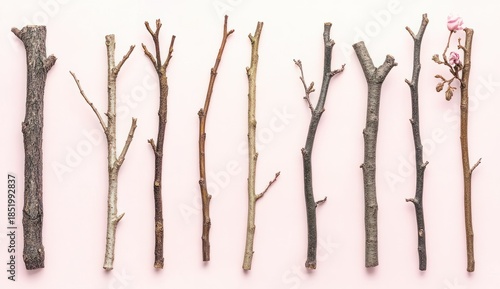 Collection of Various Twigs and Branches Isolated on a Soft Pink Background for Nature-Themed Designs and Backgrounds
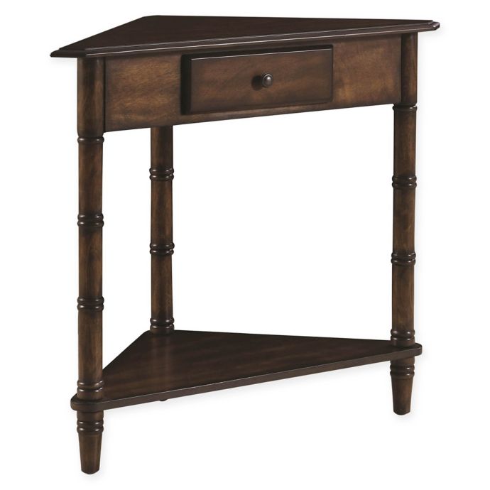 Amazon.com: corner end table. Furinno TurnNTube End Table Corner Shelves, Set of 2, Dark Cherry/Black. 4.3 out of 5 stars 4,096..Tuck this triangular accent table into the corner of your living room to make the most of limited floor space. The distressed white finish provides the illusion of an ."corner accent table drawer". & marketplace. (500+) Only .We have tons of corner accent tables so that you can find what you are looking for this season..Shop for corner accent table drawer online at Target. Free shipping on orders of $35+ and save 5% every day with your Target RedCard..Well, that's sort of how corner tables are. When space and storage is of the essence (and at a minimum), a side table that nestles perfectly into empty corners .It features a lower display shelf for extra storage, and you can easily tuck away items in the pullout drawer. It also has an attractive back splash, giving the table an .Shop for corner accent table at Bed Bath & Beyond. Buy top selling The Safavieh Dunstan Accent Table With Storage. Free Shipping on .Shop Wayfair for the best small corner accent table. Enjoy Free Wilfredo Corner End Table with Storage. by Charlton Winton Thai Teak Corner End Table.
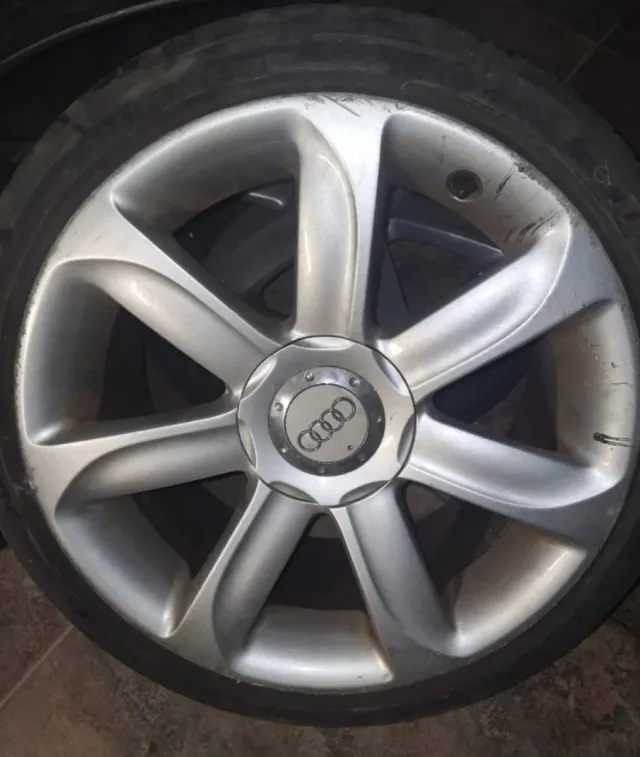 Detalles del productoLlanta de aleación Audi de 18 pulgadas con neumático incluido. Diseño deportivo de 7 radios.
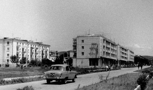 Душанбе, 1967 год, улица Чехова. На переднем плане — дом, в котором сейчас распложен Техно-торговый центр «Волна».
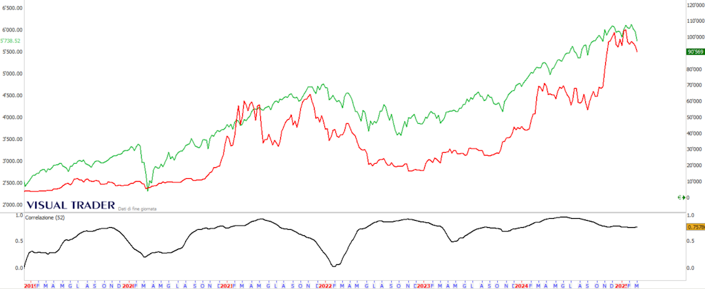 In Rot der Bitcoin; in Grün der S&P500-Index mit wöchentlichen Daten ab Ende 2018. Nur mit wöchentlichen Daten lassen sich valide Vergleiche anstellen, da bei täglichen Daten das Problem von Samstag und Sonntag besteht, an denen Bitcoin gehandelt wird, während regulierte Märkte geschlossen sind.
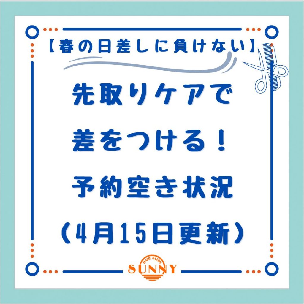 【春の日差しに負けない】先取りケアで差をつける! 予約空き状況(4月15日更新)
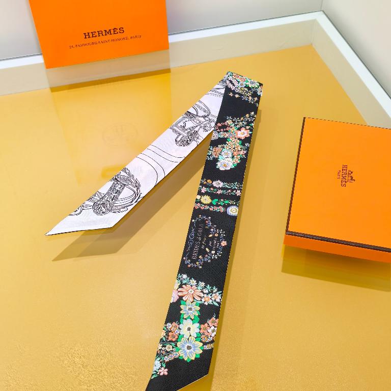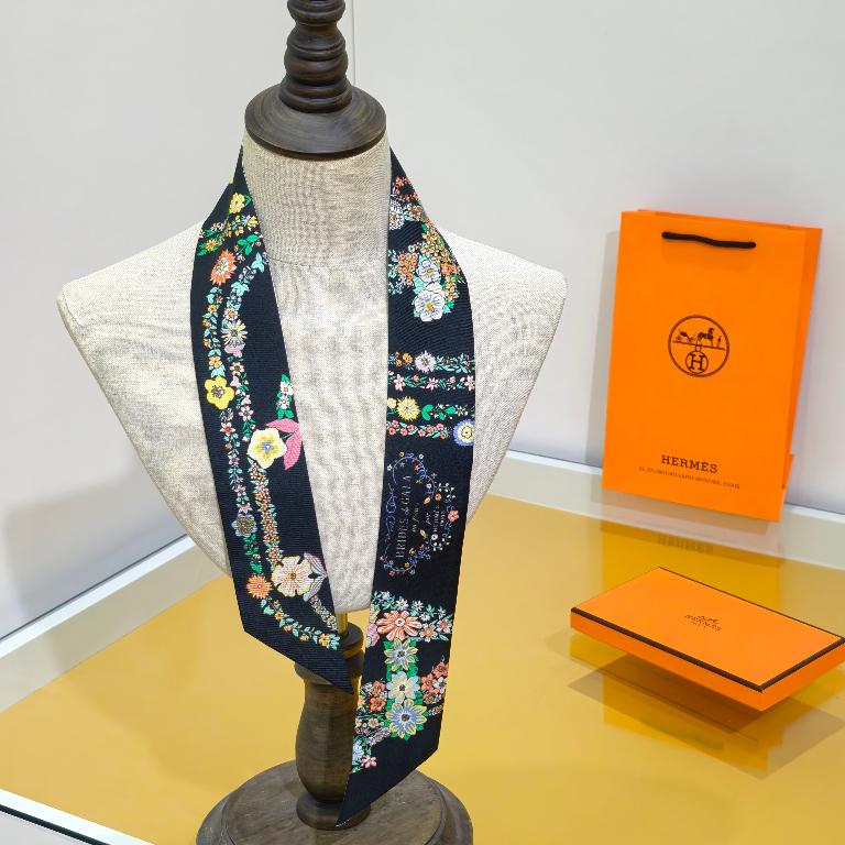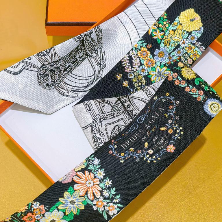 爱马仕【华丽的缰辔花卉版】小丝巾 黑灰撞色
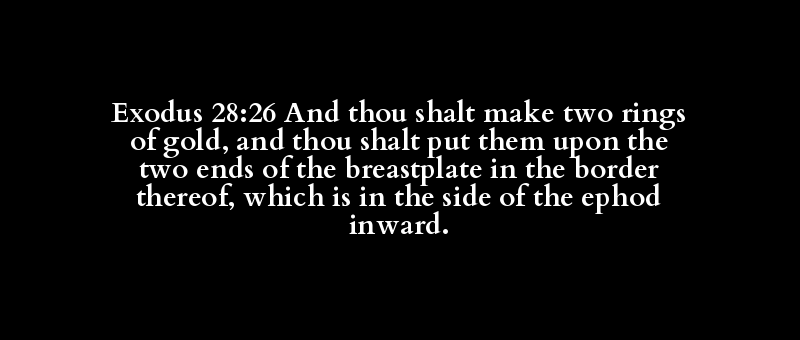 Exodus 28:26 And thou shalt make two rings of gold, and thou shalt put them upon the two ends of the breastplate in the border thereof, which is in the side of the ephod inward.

-.-.-

> **What to work on**
Copy exactly the lines of the entries above from the one containing "Душанбе, 1967 год, улица" through the one containing "爱马仕【华丽的缰辔花卉版】小丝巾 黑灰撞色". Both end lines count; pictures do not.

> **Final answer**
 Душанбе, 1967 год, улица Чехова. На переднем плане — дом, в котором сейчас распложен Техно-торговый центр «Волна».
 In Rot der Bitcoin; in Grün der S&P500-Index mit wöchentlichen Daten ab Ende 2018. Nur mit wöchentlichen Daten lassen sich valide Vergleiche anstellen, da bei täglichen Daten das Problem von Samstag und Sonntag besteht, an denen Bitcoin gehandelt wird, während regulierte Märkte geschlossen sind.
 【春の日差しに負けない】先取りケアで差をつける! 予約空き状況(4月15日更新)
 爱马仕【华丽的缰辔花卉版】小丝巾 黑灰撞色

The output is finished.